Jake Joshua Burton (born 15 November 2001) is an English professional footballer who plays as a forward for EFL League Two side Tranmere Rovers.

Playing career

Tranmere Rovers
Burton graduated through the academy at Tranmere Rovers, breaking into the first team squad alongside George Nugent and Kyle Hayde.  He made his first team debut for the club in a 2–1 defeat to Leicester City F.C. Under-21's in the 2019–20 EFL Trophy, and signed his first professional contract in July 2020. He made his English Football League debut on 10 October 2020 starting in a match against Salford City.

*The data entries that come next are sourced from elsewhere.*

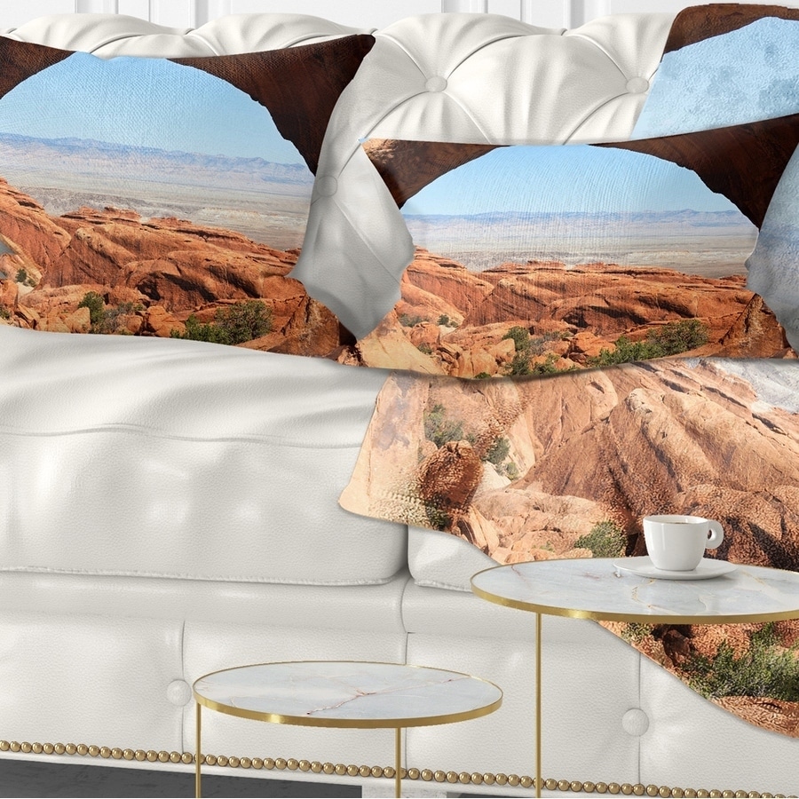 Designart 'Huge Arch into Rocky Terrains' Landscape Printed Throw Pillow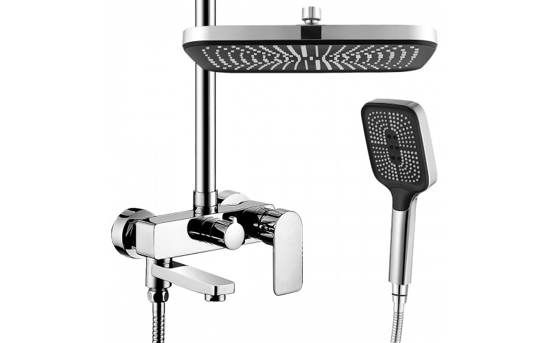 | Оснащение | Смеситель, верхняя( тропическая) лейка ABS d=315*210 мм, релинг-раздвижной, ручной душ- пластик, шланг-металлический 150 см. Встроенный в излив переключатель на душевую лейку. |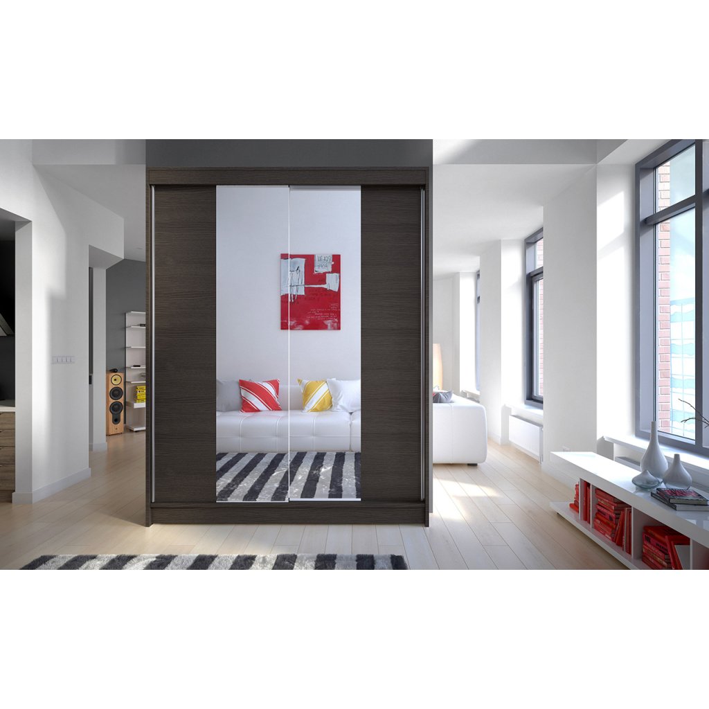 Na dveřích skříně jsou umístěna zrcadla, která opticky zvětšují místnost a dodávají interiéru světlost a eleganci.

He made one further league appearance that season, played in an FA Cup match and featured in Tranmere's losing 2021 EFL Trophy Final appearance against Sunderland on 14 March 2021.

Burton returned from a loan spell for the start of the 2022-23 season, scoring in the clubs first pre-season friendly; a 2-2 draw against Fleetwood, and appeared as a 65th minute substitute in the clubs 2nd pre-season friendly, a 1-0 victory over Preston North End.

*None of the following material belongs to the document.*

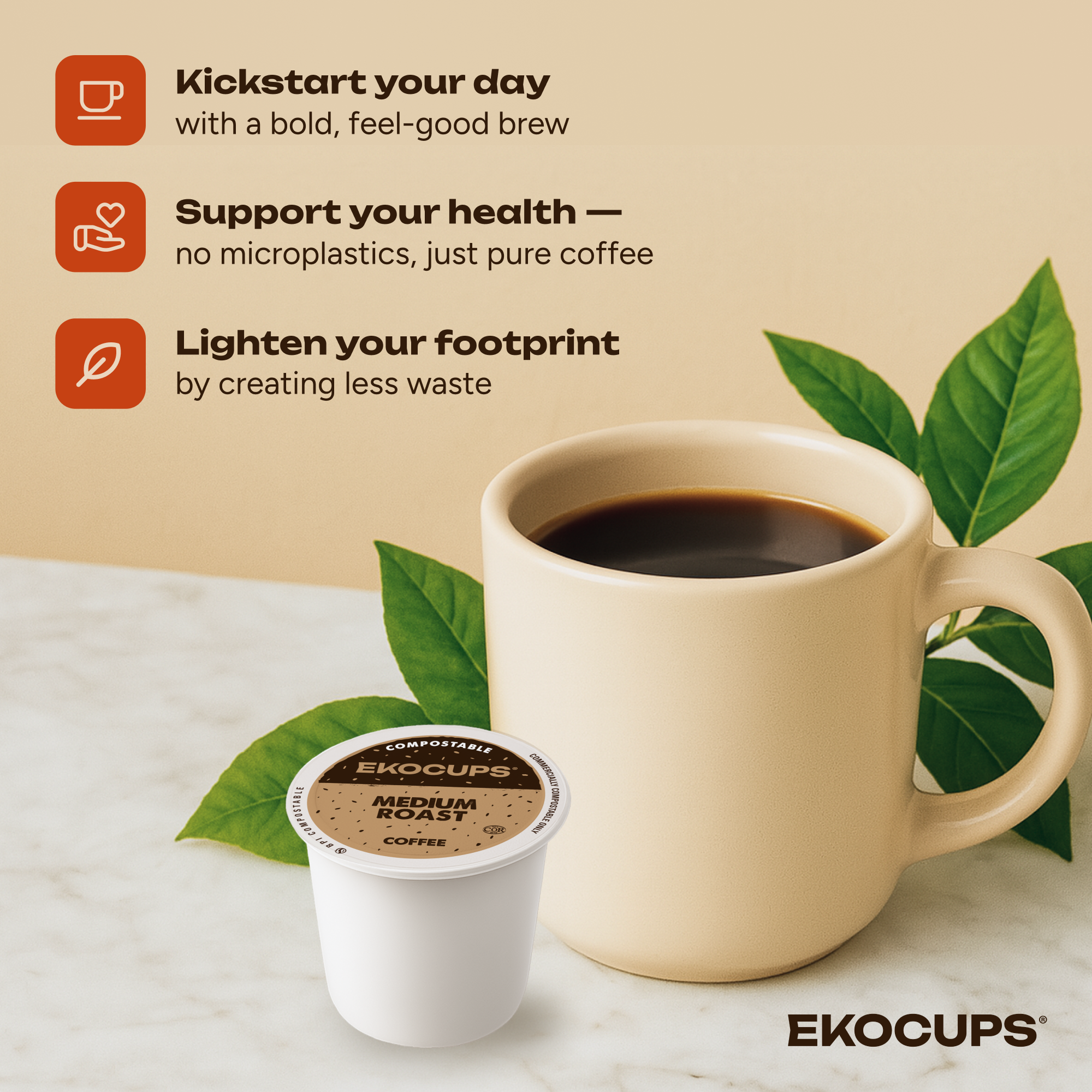 Compostable pods, like EKOCUPS, go back to the earth, helping the planet instead of harming it.

After a short loan spell at Marine, Burton was recalled prior to the visit of Colchester United & replaced Elliott Nevitt in the 80th minute of the game. He scored his first senior goal for the club after just 3 minutes on the pitch; latching on to a Paul Lewis cross to head home Tranmere's second goal of the game.

Loan periods
In September 2021 he went on a month's loan to Stalybridge Celtic. This loan was twice extended by a month each time until the end of the year.  He made 15 appearances for the club, including 11 in the Northern Premier League, scoring three goals.  He returned to the club towards the end of March 2022 for a second loan spell.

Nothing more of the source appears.